Mr. Komm said he just recently found a report of the incident on Fire Aviation and offered to allow us to publish his video. We had to edit the audio to remove some unwanted background noise unrelated to the aircraft, but other than that and adding titles at the beginning and the end we didn’t change the video. He told us, “I had talked to Erickson Aero Air HQ in Oregon to make sure it was ok for me to distribute and the only thing was that I had to forward a copy of the video to the lead mechanic. I got some cool swag from Erickson Aero Air for being in the right place and time doing the video.”

This was not the first time that an engine on an Erickson Aero Air MD87 failed and falling debris caused problems after hitting the ground. On September 13, 2015 debris from an engine landed in a residential area of Fresno, California. One chunk of metal crashed through the rear window of a car, while other shrapnel was found in city streets.
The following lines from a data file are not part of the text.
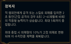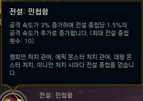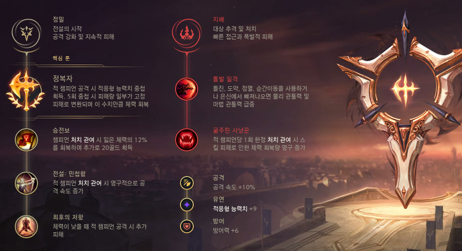 정복자 이하로는 킬과 어시스트를 기록한 경우 순간적으로 잃은 체력의 12%를 회복해주기 때문에 전투 지속력을 극대화해줄 수 있는 승전보를 사용해주시면 되고, 전설: 민첩함을 사용해서 공속을 올려주시면 됩니다. 만약 상대팀에 CC기가 많은 편이라면 전설: 민첩함 대신, 전설: 강인함을 사용해서 강인함을 챙겨주셔도 좋습니다.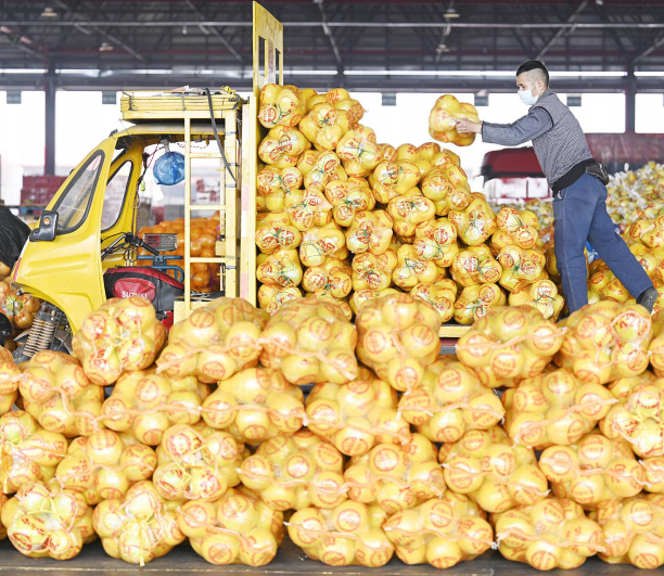 图为1月9日,在柳州一家农产品批发市场水果交易区,工人正在装运水果。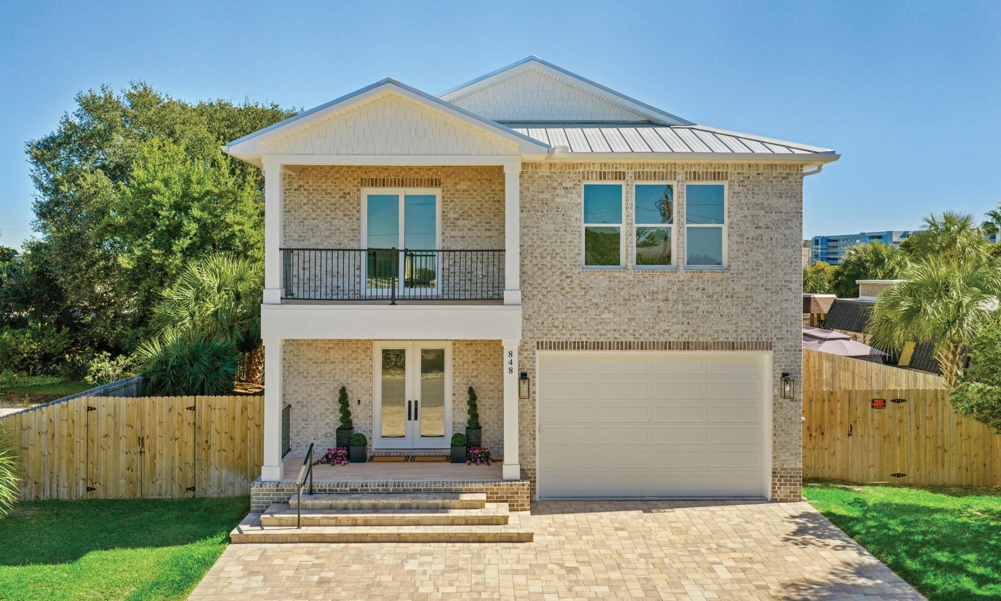 Modern coastal living meets refined craftsmanship in this newly built Okaloosa Island residence, where luxury and comfort come together just steps from the emerald shoreline. Offering over 4,000 square feet of thoughtfully designed space, the home showcases wide-plank engineered wood flooring, soaring 10-foot ceilings, and solid oak doors that create a sense of openness and sophistication throughout. The gourmet kitchen is a true showpiece, featuring quartz countertops, extended cabinetry, a striking 48-inch Forno gas range with double oven, and an oversized island ideal for gathering and entertaining. The first-floor primary suite serves as a private retreat with a spa-inspired bath, floor-to-ceiling tiled shower, dual shower heads, and a sleek floating double vanity, with direct access to the backyard for seamless indoor-outdoor living. Upstairs, a spacious secondary living area opens to a covered balcony with tranquil views of Santa Rosa Sound, while each guest bedroom enjoys direct access to a full bath, including a beautifully designed Jack-and-Jill layout. Outdoor living is elevated with a covered porch featuring tongue-and-groove ceilings and a fully equipped summer kitchen. The fenced backyard offers room for a custom pool, while a generous side yard provides rare boat or RV parking. Ideally positioned between the Gulf of Mexico and Choctawhatchee Bay, this home offers effortless access to beaches, boating, dining, and nearby Destin and Fort Walton Beach.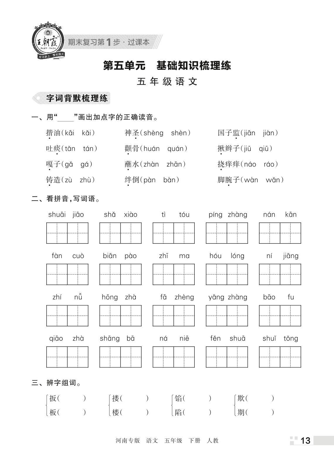 王朝霞期末过课本——第五单元 基础知识梳理练五年级下册语文(人教版)_R220331135503537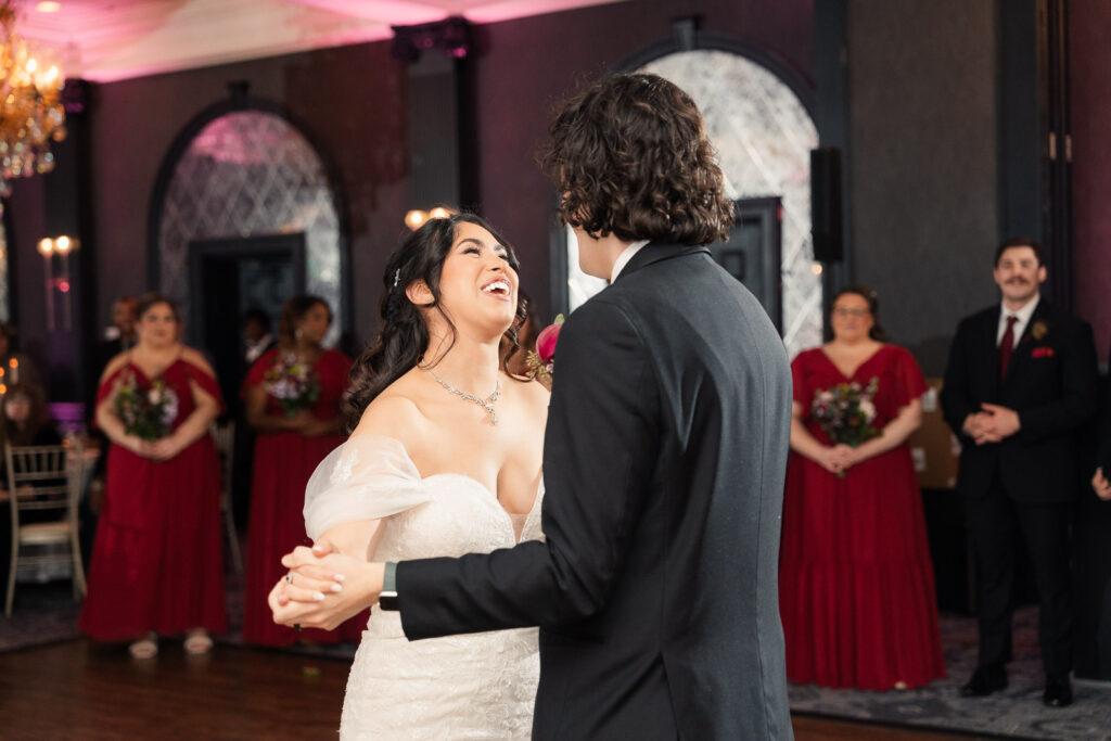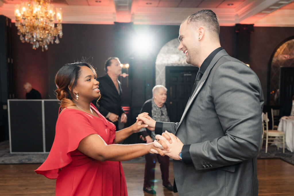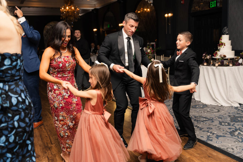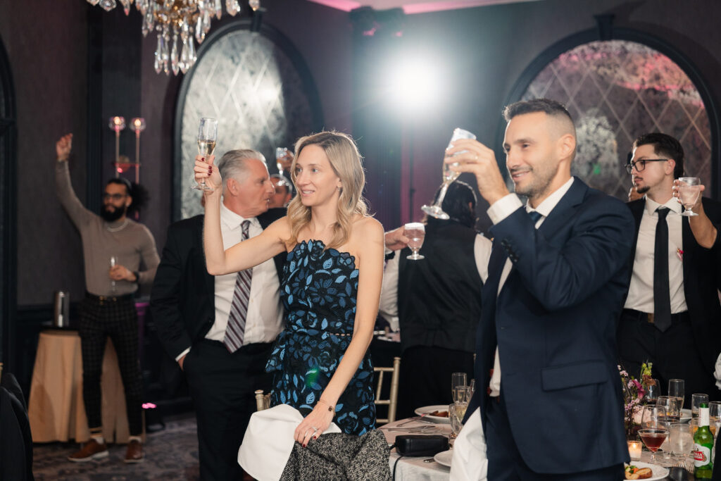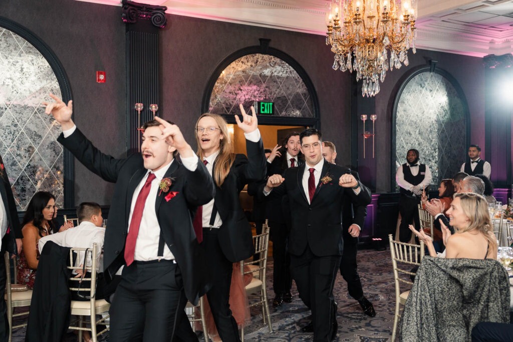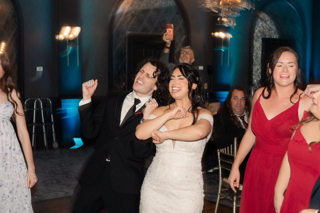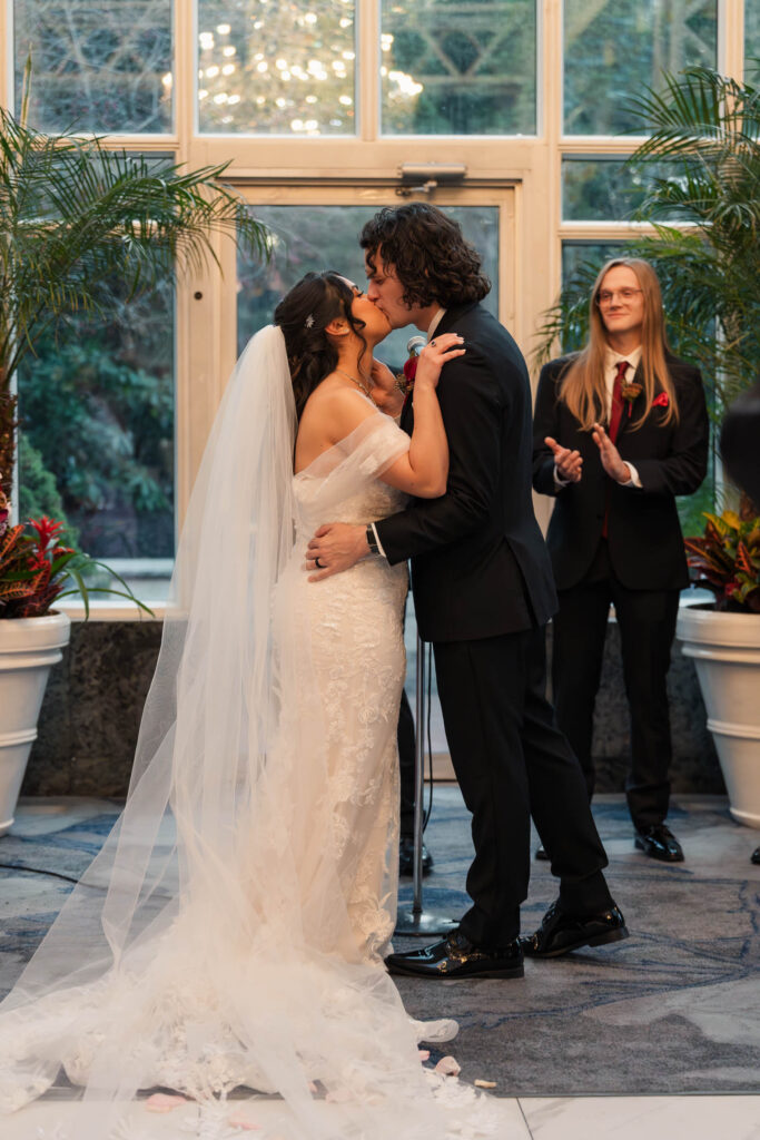 Their ceremony took place in The Madison Hotel’s greenhouse space, an intimate setting filled with natural light and a timeless, elegant atmosphere that perfectly complemented the season. As Theresa walked down the aisle, Alex couldn’t hold back his tears—an emotional reaction that set the tone for a ceremony filled with love, connection, and quiet joy. The celebration continued into a lively reception where laughter and personality took center stage. One of the most memorable moments was Theresa’s father-daughter dance, which quickly turned hilarious and playful, filling the room with laughter and applause. Later, during cake cutting, Theresa added to the fun by playfully dotting frosting on Alex’s nose, a moment that perfectly reflected their lighthearted dynamic. The night unfolded with nonstop dancing, heartfelt toasts, and an unmistakable sense that everyone in the room was exactly where they were meant to be—celebrating a love story that was both deeply emotional and wonderfully fun.

There has been concern since at least 2014 about retardant being ingested into the engines when the MD87 is making a drop. A SAFECOM filed back then considered the possibility after engine surges or intermittent power was a problem for one aircraft after making a drop. Photos were taken of retardant stains on the fuselage caused by retardant flowing over the wing.

The first fix that Erickson Aero Air implemented was in 2014, “a new spade profile that has proved to eliminate this problem by keeping the fluid column much more vertical” the company wrote.

Then in June, 2017 they took a much more radical step. They had an external tank, or pod, fabricated and installed below the retardant tank doors, which lowered the release point by 46 inches, mitigating the problem Kevin McLoughlin, the Director of Air Tanker Operations, said at the time.

On December 12, 2017 I was given a tour of Tanker 101 by the flight crew while it was in Rapid City, and noticed there was evidence of retardant flowing over the top of the wing and flaps.